In fact, the paranormal parasites uses magic just by thinking.


> They possess psychic ability; able to produce magic just by thinking it but their lack of imagination makes their attacks very simplistic.


And again, i fail to see how that is relevant since it is still just super dense air.
He'd probably just see it as super dense air in his elemental sight.


----------



## Demonspeed (Jun 14, 2014)

Tatsuya should not be able to survive an attack if his brain is destroyed, soulfuckery is also possible since Regrowth triggers when his combat ability drops but it must be able to disable him instantly. He should be able to destroy and counter Kazuma's winds though.

Even though modern magic is mainstream and works by event modification, generic powers like pyrokinesis, psychokinesis exist. They are just not common, magics can also directly interfere with the body.
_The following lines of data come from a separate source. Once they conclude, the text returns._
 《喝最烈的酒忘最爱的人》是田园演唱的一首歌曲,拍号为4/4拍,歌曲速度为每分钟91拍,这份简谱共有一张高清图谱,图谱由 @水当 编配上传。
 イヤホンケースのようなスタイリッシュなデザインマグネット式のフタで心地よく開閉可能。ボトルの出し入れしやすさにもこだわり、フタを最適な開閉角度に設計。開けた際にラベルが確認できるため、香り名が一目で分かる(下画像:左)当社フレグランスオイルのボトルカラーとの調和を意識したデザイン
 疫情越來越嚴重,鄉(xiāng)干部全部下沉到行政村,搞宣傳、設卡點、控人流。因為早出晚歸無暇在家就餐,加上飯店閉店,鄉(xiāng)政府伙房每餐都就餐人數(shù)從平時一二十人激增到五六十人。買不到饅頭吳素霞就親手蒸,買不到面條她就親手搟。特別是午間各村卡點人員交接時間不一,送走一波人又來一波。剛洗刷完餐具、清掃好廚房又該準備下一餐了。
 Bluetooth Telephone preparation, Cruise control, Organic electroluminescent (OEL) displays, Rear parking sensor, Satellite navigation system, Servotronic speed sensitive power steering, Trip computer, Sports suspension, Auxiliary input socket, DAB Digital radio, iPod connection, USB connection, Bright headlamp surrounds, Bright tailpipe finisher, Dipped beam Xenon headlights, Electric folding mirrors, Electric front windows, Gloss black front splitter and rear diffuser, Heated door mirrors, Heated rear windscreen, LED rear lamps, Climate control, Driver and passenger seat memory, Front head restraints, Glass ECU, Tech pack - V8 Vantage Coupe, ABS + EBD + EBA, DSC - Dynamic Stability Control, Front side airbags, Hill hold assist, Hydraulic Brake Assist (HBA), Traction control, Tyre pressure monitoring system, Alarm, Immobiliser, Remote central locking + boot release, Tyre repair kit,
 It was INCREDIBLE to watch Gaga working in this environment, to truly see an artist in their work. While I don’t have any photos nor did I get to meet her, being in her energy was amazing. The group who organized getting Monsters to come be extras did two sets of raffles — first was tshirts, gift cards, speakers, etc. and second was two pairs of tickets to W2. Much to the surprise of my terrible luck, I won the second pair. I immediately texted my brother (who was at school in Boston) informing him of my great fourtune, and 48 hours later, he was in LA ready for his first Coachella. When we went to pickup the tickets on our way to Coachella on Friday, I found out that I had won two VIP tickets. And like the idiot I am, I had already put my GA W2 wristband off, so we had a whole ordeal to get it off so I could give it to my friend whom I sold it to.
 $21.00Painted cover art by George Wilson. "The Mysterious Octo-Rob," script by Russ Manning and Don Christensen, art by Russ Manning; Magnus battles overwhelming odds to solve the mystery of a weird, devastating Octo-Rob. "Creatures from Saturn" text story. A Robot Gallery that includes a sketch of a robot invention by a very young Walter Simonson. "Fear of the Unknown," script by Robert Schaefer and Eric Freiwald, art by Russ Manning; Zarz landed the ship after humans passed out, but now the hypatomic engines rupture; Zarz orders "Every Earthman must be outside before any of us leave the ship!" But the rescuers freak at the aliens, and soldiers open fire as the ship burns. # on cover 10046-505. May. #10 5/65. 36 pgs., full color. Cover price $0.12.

He doesn't need to understand the magic but to see it, he confirms his target first with ES which is constantly active albeit less powerful than when he enters in Link space then decomposes or counter it, it just needs to have a form.  In vol 11 he was even able to decompose a light beam but it would have destroyed half of his body. 

With one shot of Decomposition on the Loop Cast system, his Decomposition can destroy 3 times simultaneously with no time lag. Only one protection is not enough. He has also access to soulfuckery with Far Strike.


----------



## ZenithXAbyss (Jun 14, 2014)

> *Regrowth triggers when his combat ability drops*


Actually, it triggers when an abnormality/injury occurs.
Drop of Combat ability is just a byproduct of it.


----------



## Demonspeed (Jun 14, 2014)

ZenithXAbyss said:


> Actually, it triggers when an abnormality/injury occurs.
> Drop of Combat ability is just a byproduct of it.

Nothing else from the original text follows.